*** STUDY MATERIAL ***
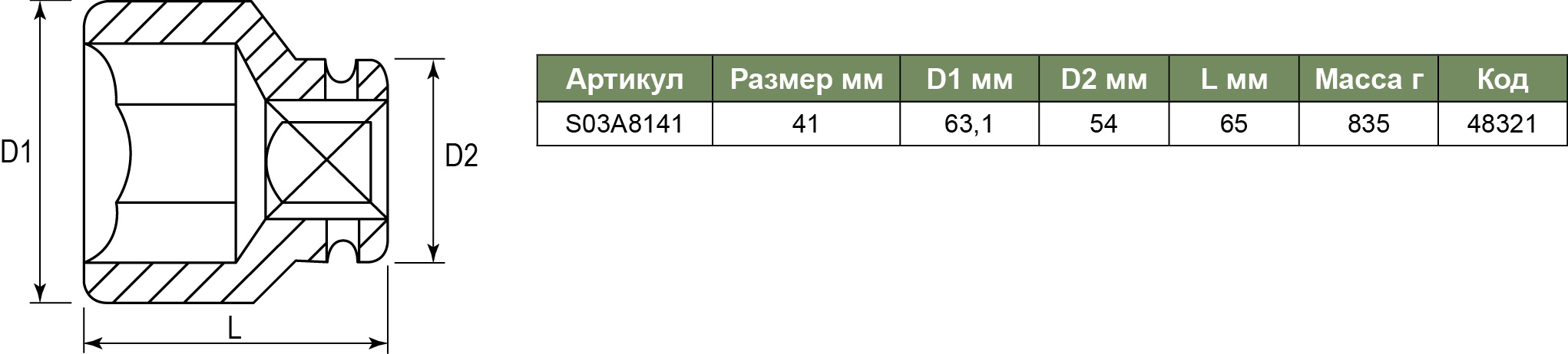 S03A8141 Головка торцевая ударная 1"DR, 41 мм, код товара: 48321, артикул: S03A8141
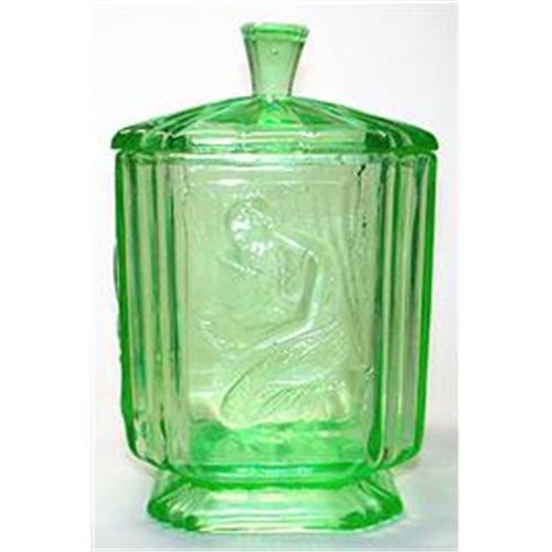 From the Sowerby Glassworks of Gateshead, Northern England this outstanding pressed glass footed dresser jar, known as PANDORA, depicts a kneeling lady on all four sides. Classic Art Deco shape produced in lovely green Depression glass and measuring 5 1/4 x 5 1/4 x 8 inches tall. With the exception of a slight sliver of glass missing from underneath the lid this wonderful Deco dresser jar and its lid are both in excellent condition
*** End of STUDY MATERIAL ***
*** STUDY MATERIAL ***
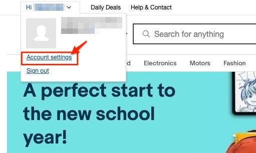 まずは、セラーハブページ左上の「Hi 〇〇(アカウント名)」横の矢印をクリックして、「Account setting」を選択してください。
*** End of STUDY MATERIAL ***
*** STUDY MATERIAL ***
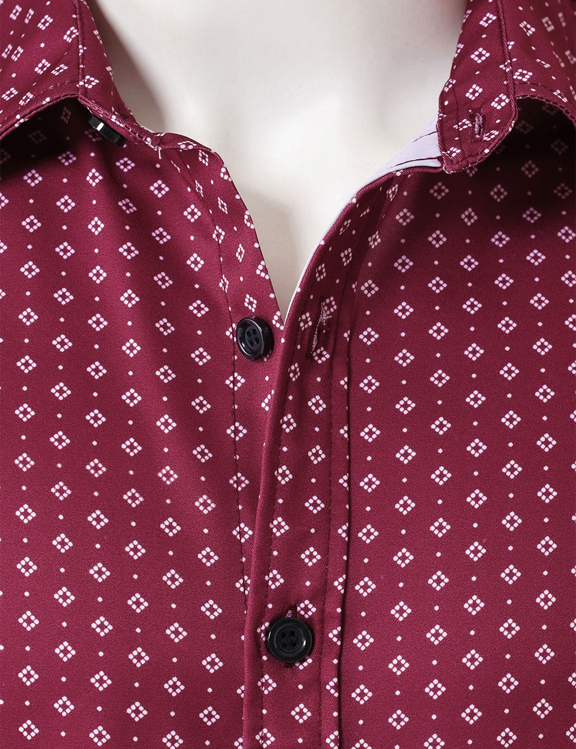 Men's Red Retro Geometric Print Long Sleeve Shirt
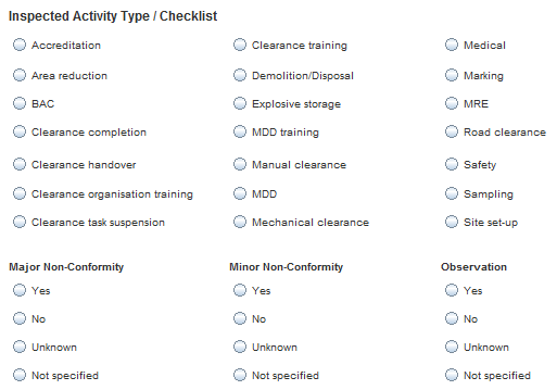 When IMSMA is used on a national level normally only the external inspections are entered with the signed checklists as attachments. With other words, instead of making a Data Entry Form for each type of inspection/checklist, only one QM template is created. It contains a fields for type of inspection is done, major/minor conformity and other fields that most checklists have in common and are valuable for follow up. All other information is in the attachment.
*** End of STUDY MATERIAL ***
WORK ORDER
With pictures omitted, repeat the entries above word for word from the line holding "Men's Red Retro" down to the line holding "When IMSMA is", keeping both of those lines.

RESPONSE AREA
 Men's Red Retro Geometric Print Long Sleeve Shirt
 When IMSMA is used on a national level normally only the external inspections are entered with the signed checklists as attachments. With other words, instead of making a Data Entry Form for each type of inspection/checklist, only one QM template is created. It contains a fields for type of inspection is done, major/minor conformity and other fields that most checklists have in common and are valuable for follow up. All other information is in the attachment.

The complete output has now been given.